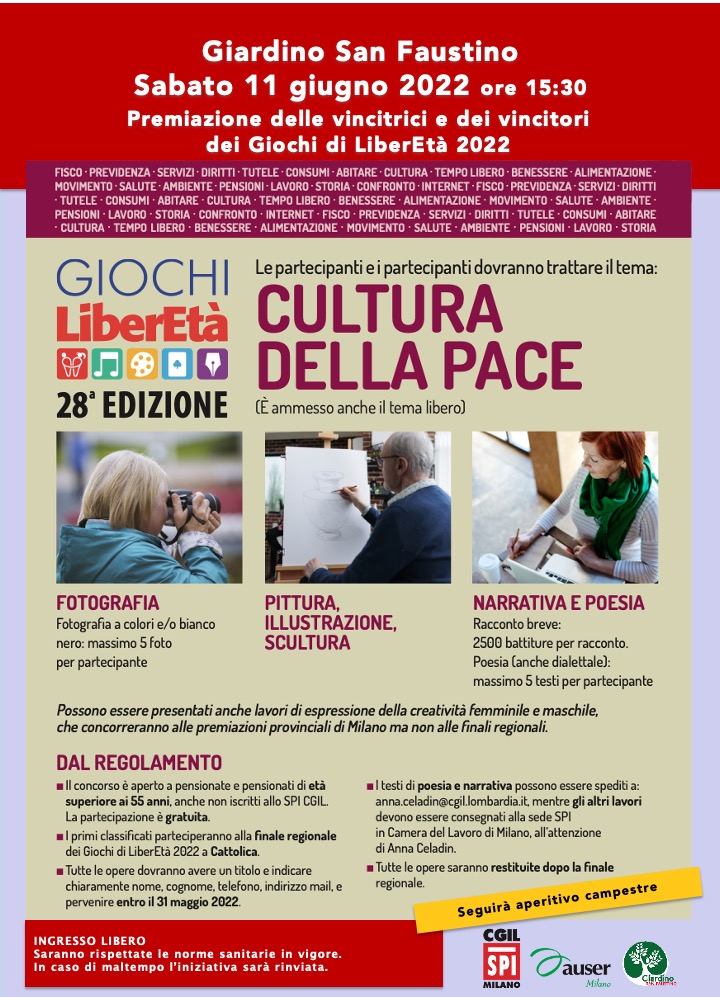 Sabato 11 giugno ritorna al Giardino la premiazione dei concorsi di arte e creatività promossi da LiberEtà, rivista del sindacato dei pensionati SPI-CGIL. Saranno esposte le opere finaliste e la proclamazione dei vincitori sarà seguita dalla lettura degli scritti premiati.
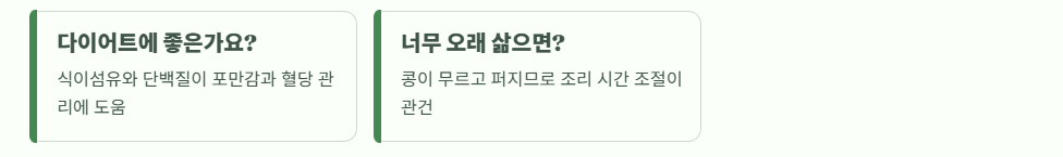 과도하게 삶으면 콩이 무르고 퍼질 수 있으므로 조리 시간을 조절하는 것이 관건입니다.
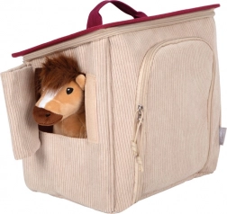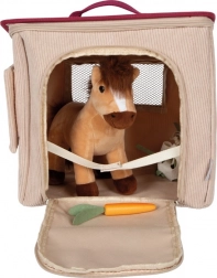 Le sac robuste en velours côtelé avec fermeture éclair se transforme instantanément en écurie. Grâce à la poignée, les enfants l’emportent partout – jeu idéal à la maison comme en déplacement.
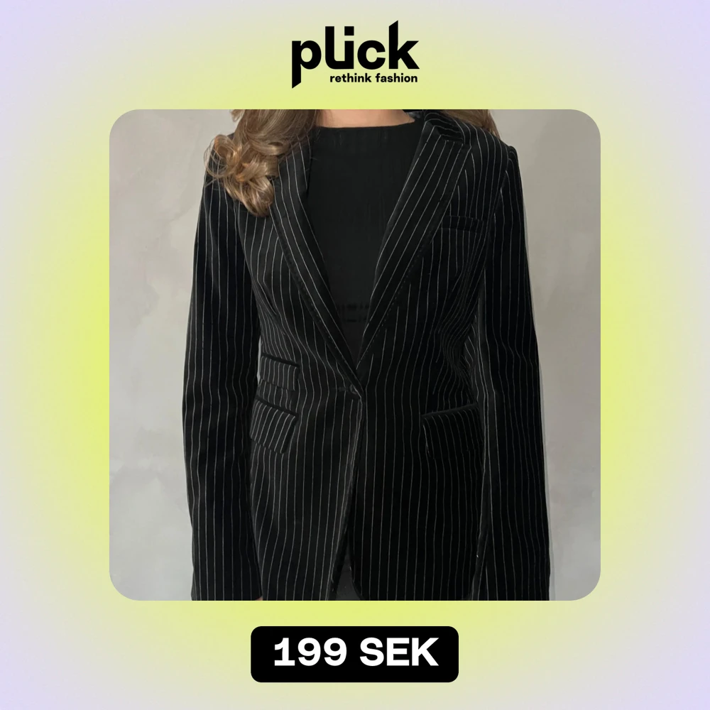Snygg svart kavaj med vita ränder, perfekt för både fest och vardag. Har vanligtvis 36 så denna är liten i modellen
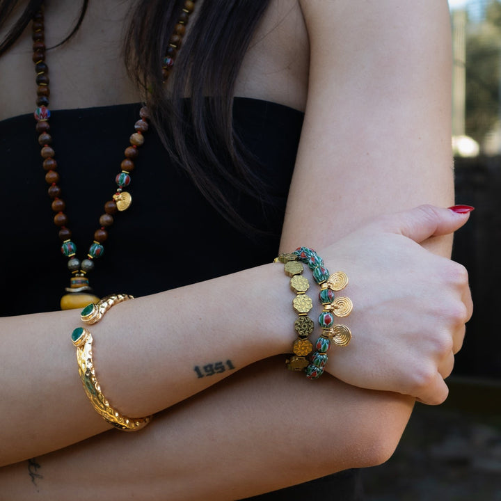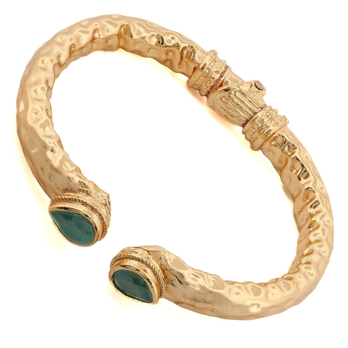Cleopatra Emerald Stone & Gold Cuff Chunky Bracelet - Gold
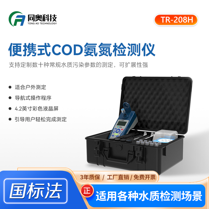 同奥 便携式COD水质检测仪TR-208H仪器可快速测定水中COD、氨氮值,集成了同奥水质分析领域成熟技术,使整个分析系统更加完善,操作更加简单、快速,结果稳定可靠。同奥 便携式COD水质检测仪TR-208H广泛应用于应急监测、生活污水、工业污水、污水处理、医药化工、食品、饮品、纺织印染、电镀、造纸、石油冶金、河流治理、科研单位、院校等领域。
========================
Each line from the one containing "Cleopatra Emerald Stone" through the last line of the entries above is to be extracted exactly. Pictures are not part of the copy.

Cleopatra Emerald Stone & Gold Cuff Chunky Bracelet - Gold
 同奥 便携式COD水质检测仪TR-208H仪器可快速测定水中COD、氨氮值,集成了同奥水质分析领域成熟技术,使整个分析系统更加完善,操作更加简单、快速,结果稳定可靠。同奥 便携式COD水质检测仪TR-208H广泛应用于应急监测、生活污水、工业污水、污水处理、医药化工、食品、饮品、纺织印染、电镀、造纸、石油冶金、河流治理、科研单位、院校等领域。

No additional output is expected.